**WHAT THE TASK REQUIRES:** Omit all images, then repeat exactly the lines below from the one containing "Extra strong toggle" through the one containing "Σχολικό εγχειρίδιο για", both ends included.

---------- AVAILABLE RECORDS ----------

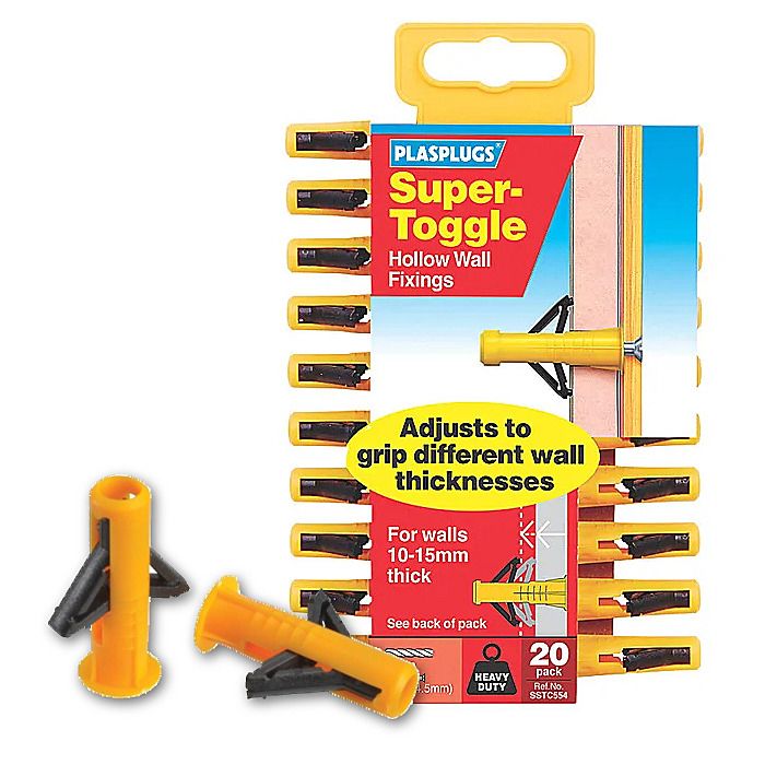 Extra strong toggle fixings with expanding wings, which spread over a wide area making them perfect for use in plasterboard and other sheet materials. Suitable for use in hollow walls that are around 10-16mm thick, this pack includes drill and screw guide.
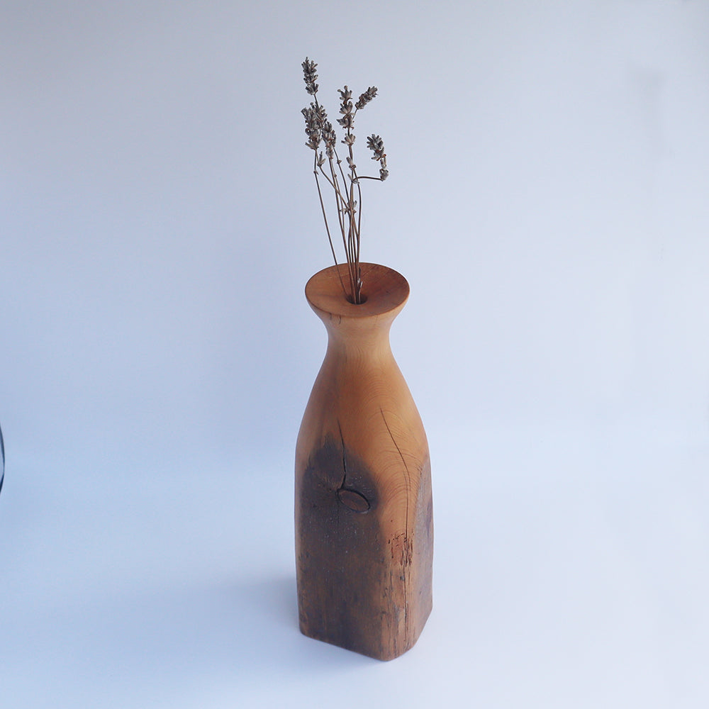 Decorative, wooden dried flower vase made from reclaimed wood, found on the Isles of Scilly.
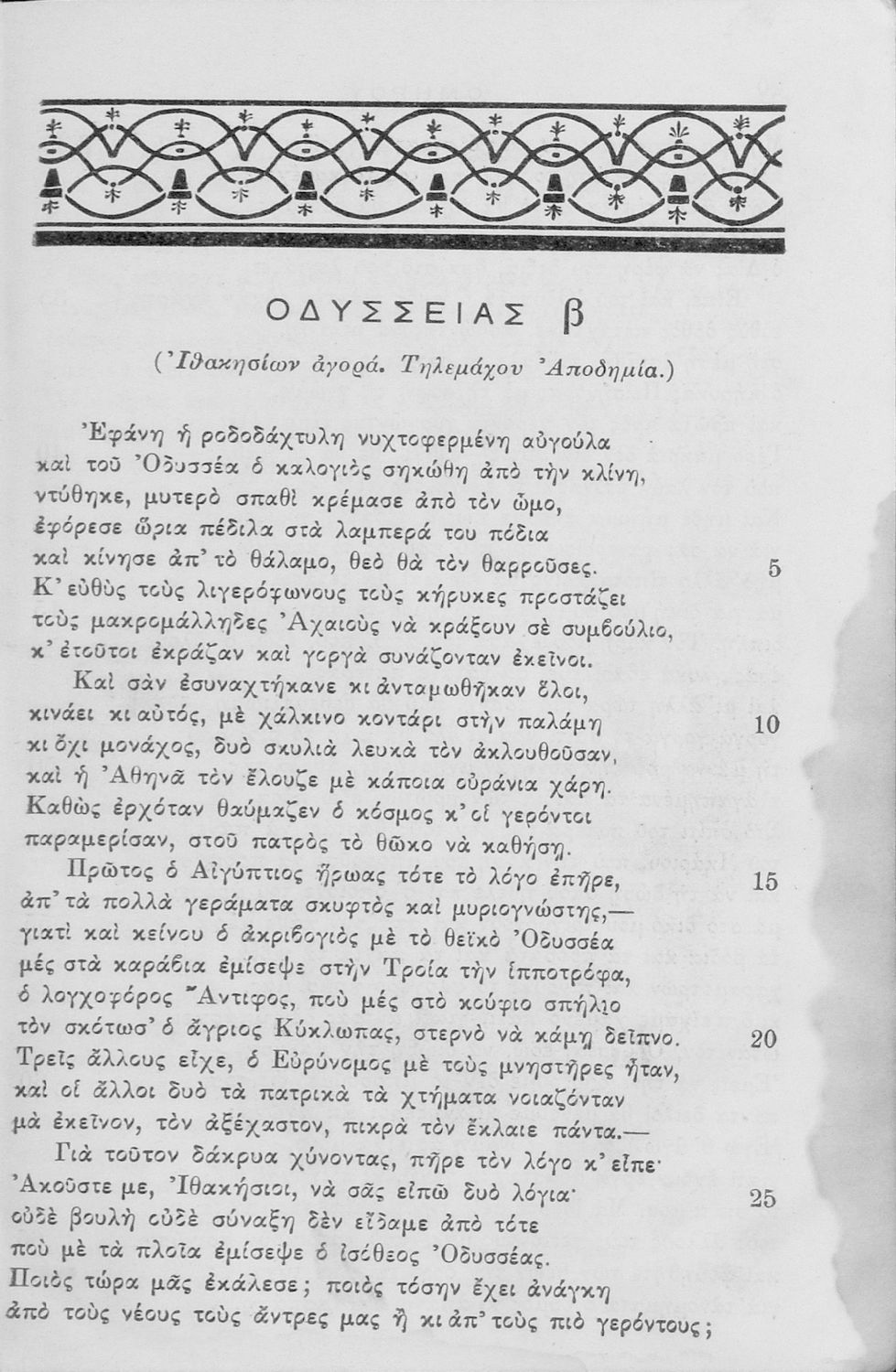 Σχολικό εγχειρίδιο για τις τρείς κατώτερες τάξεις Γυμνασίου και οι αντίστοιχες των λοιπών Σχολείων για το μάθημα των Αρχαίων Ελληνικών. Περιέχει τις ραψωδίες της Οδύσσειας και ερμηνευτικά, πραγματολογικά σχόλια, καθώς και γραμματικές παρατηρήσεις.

----------
---------- AVAILABLE RECORDS ----------

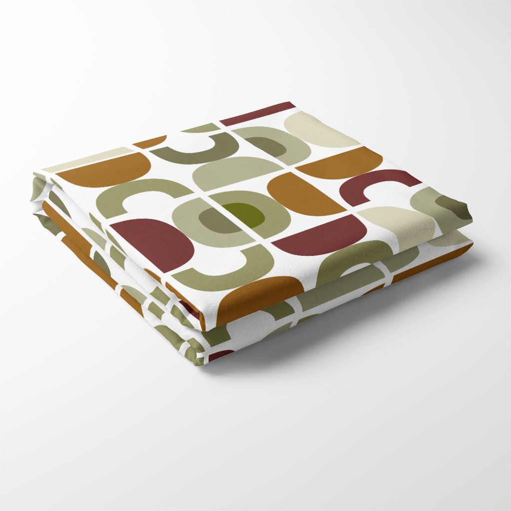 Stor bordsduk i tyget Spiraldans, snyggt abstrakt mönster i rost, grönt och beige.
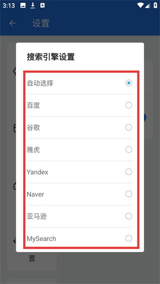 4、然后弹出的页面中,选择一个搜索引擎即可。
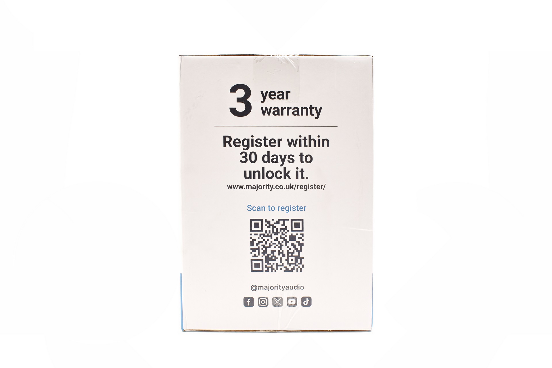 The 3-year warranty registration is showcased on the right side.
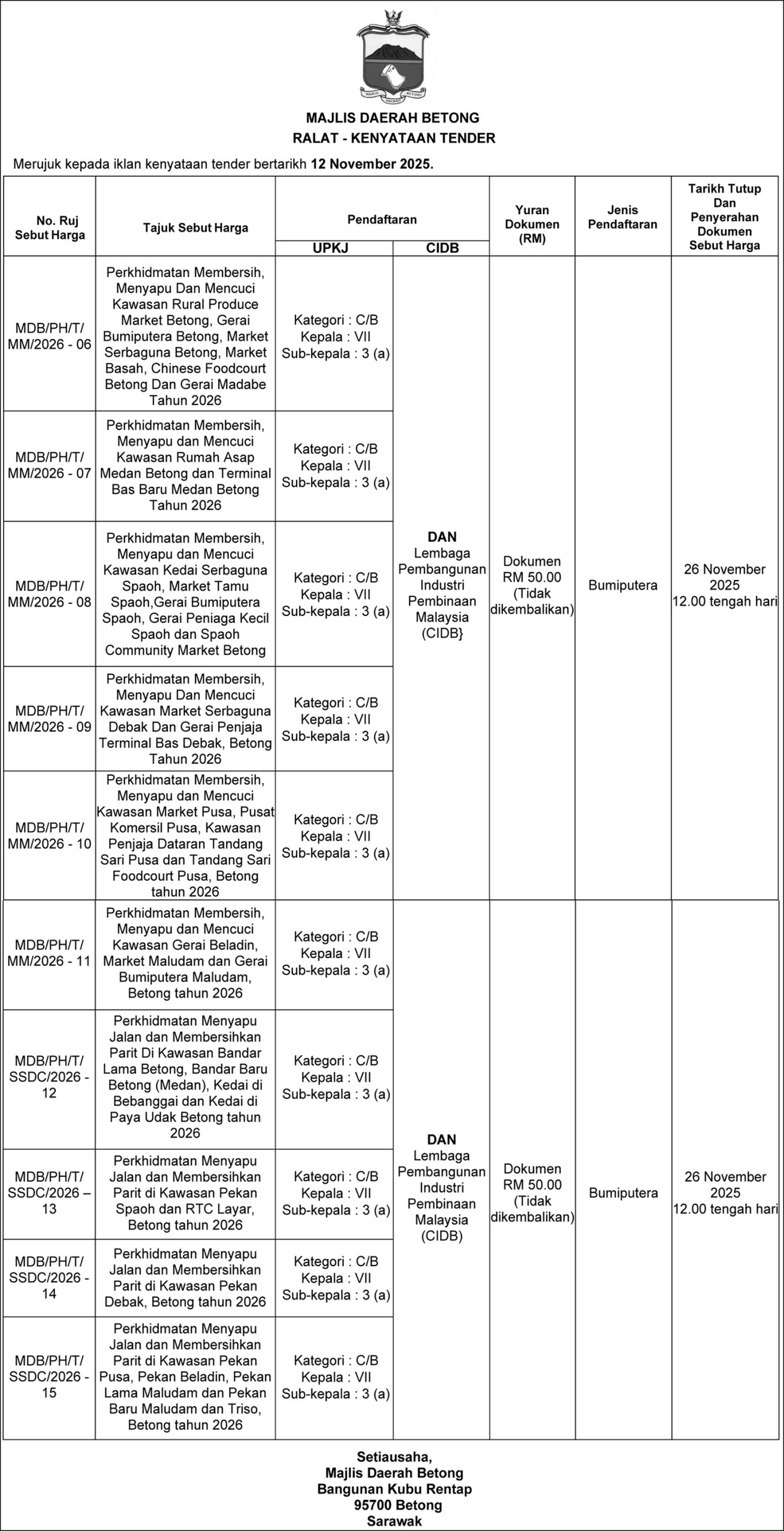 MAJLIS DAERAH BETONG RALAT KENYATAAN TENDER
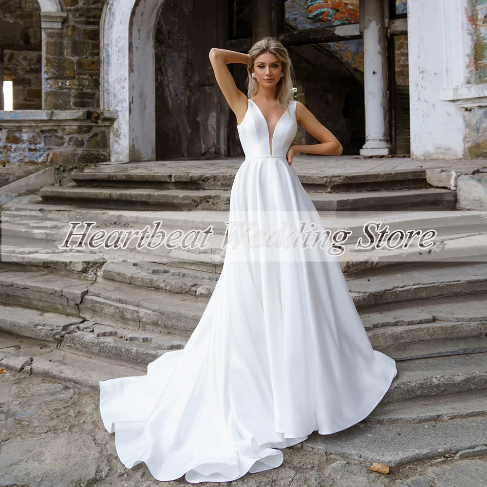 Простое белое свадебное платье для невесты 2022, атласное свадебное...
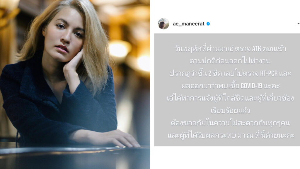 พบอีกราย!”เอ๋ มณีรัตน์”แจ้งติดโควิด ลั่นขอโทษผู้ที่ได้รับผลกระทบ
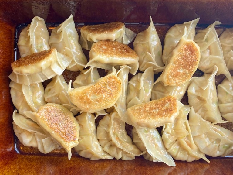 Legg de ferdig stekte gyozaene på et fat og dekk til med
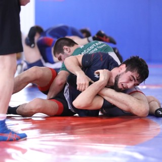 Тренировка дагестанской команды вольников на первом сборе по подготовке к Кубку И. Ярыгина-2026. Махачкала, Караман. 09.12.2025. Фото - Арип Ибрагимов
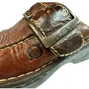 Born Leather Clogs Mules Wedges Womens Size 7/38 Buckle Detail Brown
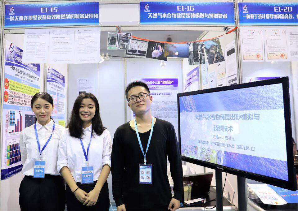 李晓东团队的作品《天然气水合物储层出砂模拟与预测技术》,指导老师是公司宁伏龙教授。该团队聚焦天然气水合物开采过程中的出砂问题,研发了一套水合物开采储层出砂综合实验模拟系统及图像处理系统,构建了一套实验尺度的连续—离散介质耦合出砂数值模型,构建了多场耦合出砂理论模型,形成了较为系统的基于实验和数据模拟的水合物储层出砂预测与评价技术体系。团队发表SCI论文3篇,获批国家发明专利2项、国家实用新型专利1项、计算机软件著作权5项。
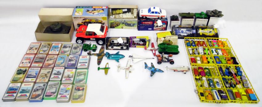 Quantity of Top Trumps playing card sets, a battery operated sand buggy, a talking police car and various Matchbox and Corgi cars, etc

----------

**SOLUTION TO THIS PROBLEM:**
 Extra strong toggle fixings with expanding wings, which spread over a wide area making them perfect for use in plasterboard and other sheet materials. Suitable for use in hollow walls that are around 10-16mm thick, this pack includes drill and screw guide.
 Decorative, wooden dried flower vase made from reclaimed wood, found on the Isles of Scilly.
 Σχολικό εγχειρίδιο για τις τρείς κατώτερες τάξεις Γυμνασίου και οι αντίστοιχες των λοιπών Σχολείων για το μάθημα των Αρχαίων Ελληνικών. Περιέχει τις ραψωδίες της Οδύσσειας και ερμηνευτικά, πραγματολογικά σχόλια, καθώς και γραμματικές παρατηρήσεις.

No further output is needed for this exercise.